He looked away, chest heaving.

“I’ve been alone most of my life,” he murmured. “The kind of alone where you learn to only look out for yourself. Where you use all your energy to erect the thickest, strongest shield around yourself for when the enemies come through the front gates to bleed you dry.”

My fingers curled tighter around the silky fabric, an awful tightness squeezing my ribs.

“When I’m by myself,” he continued, “I don’t have to think about what to say. How my words land. Whether or not I might hurt someone by what I say.” He swallowed. “But that’s exactly what I did to you, and for that, I am sorry.”

His gaze dipped to my clasped hands. “You showed me this city with such love in your heart, with such a sense of yearning, I believed you would never want to leave,” he admitted. “And I lacked the courage to ask you to come with me…and risk the pity in your eyes when you turned me down.”

The confession hit harder than any apology, and my aching heart shattered into a million pieces, scattered on the floor around us.

“Better,” Kaden went on, “I decided to ensure you kept everything you had fought so hard for. Your title, your position in court, the city you rebuilt—without forcing you to choose. Safer for me, because if I broke my own heart, I thought it might hurt less.” He lifted his eyes to mine, sorrow shining there in great, swallowing waves.

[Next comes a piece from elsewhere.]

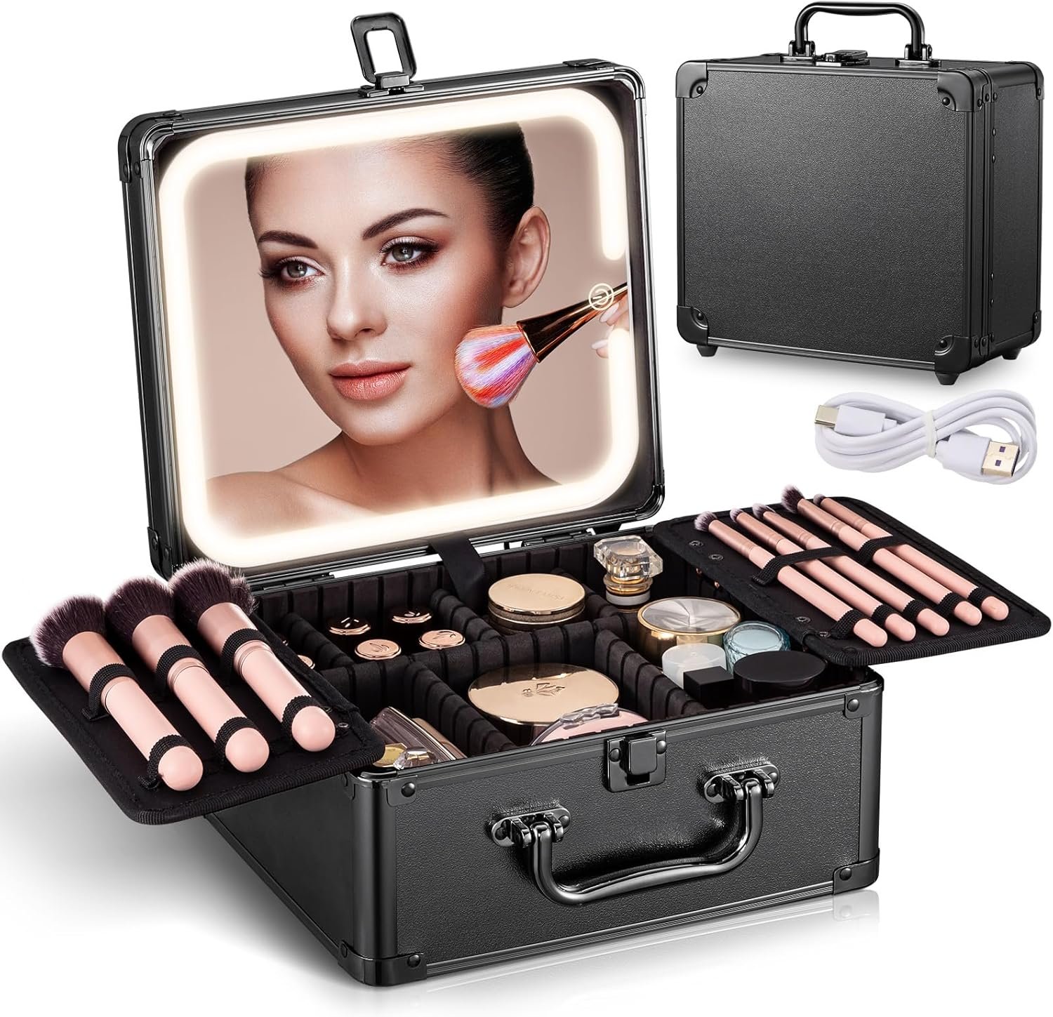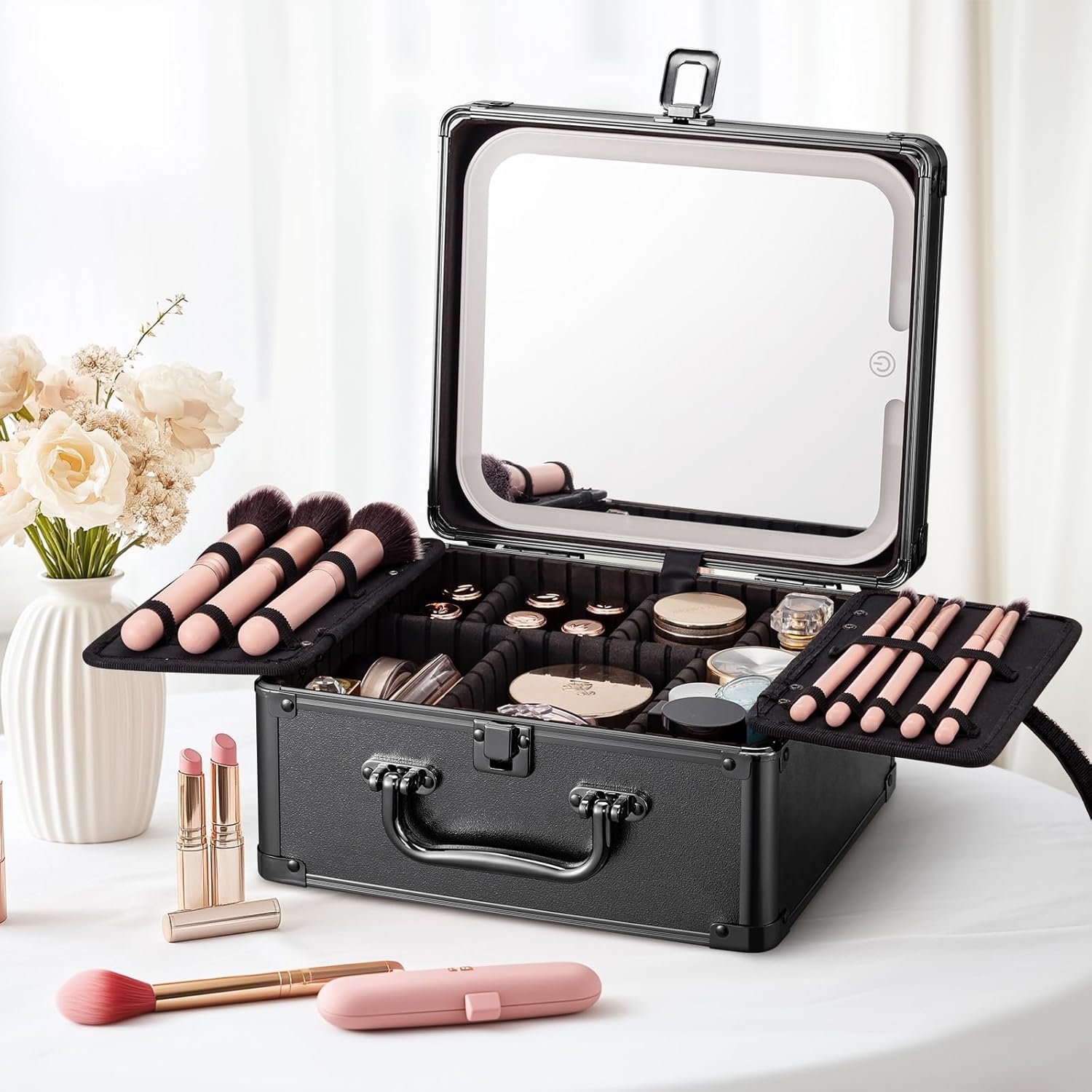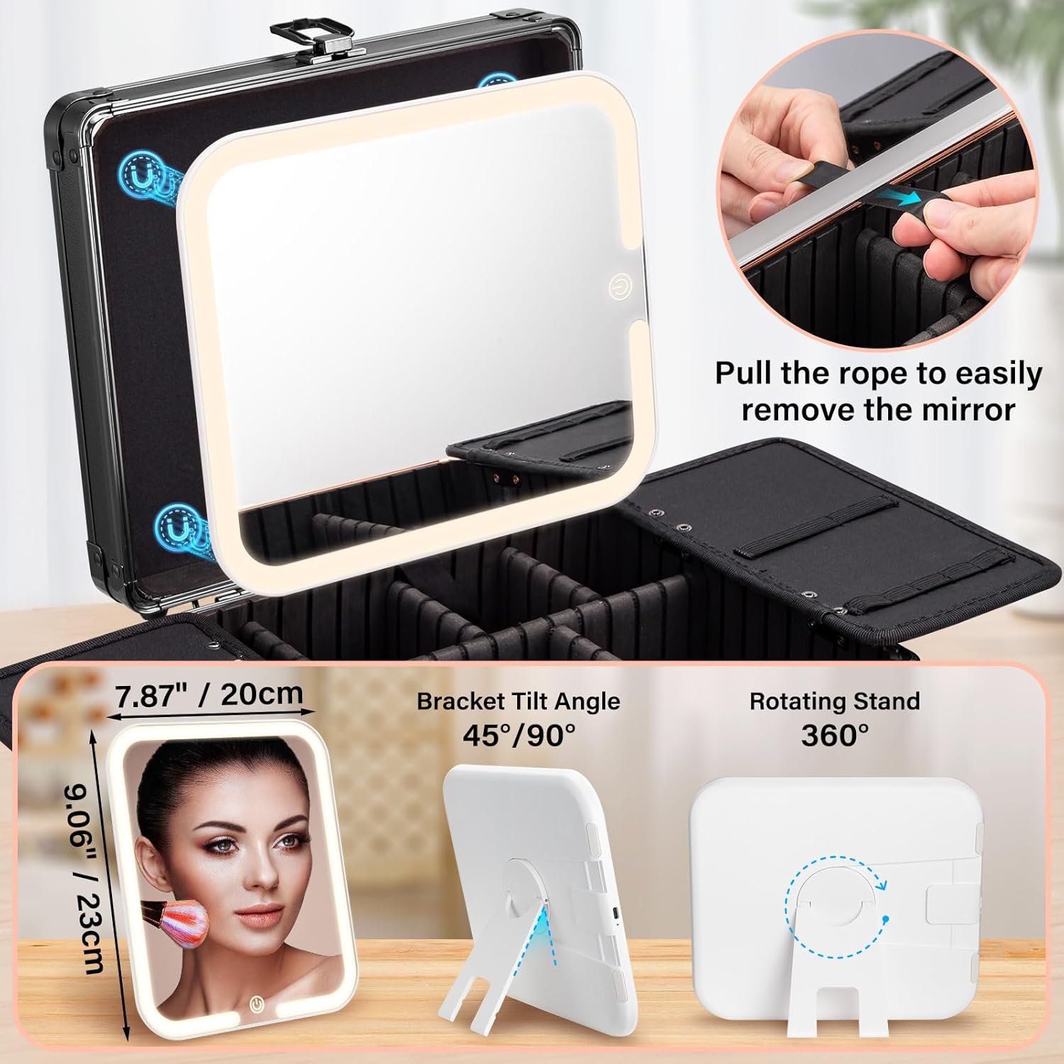 【Lighted Makeup Case Organizer with Detachable Mirror】– This mirror features an innovative magnetic design, can be disassembled for use. It is equipped with 4 hidden magnets, enabling the mirror to be securely attached to any metal surface items. Additionally, the mirror comes with a rotatable support stand that can rotate 360°, supporting both vertical and horizontal orientations. Whether used inside a makeup case or detached for standalone use, this mirror is highly convenient and meets various makeup needs in different settings

“It seems I was wrong about that, too.”

His hands opened at his sides, palms up in complete surrender. “So here I am, waiting like a beggar, so I could say this?—”

He moved, not to stand… but to kneel before me, head bowed, inky hair falling forward, and the sight punched the air from my lungs.

“No, Rooke, don’t?—”

“Come back to the Shadowlands with me. Please.” His voice came rough, stripped bare of everything except raw yearning. “Stand by my side and help me finish this. If my plan works, then maybe…stay a little longer and show me how to build a city to keep children safe, where lovers can walk hand in hand with the stars shining over their heads, and snowflakes melting on their cheeks. That is all I ask. Give me just one more day, Lyrae, and then…” His throat worked. “Then go wherever you desire.”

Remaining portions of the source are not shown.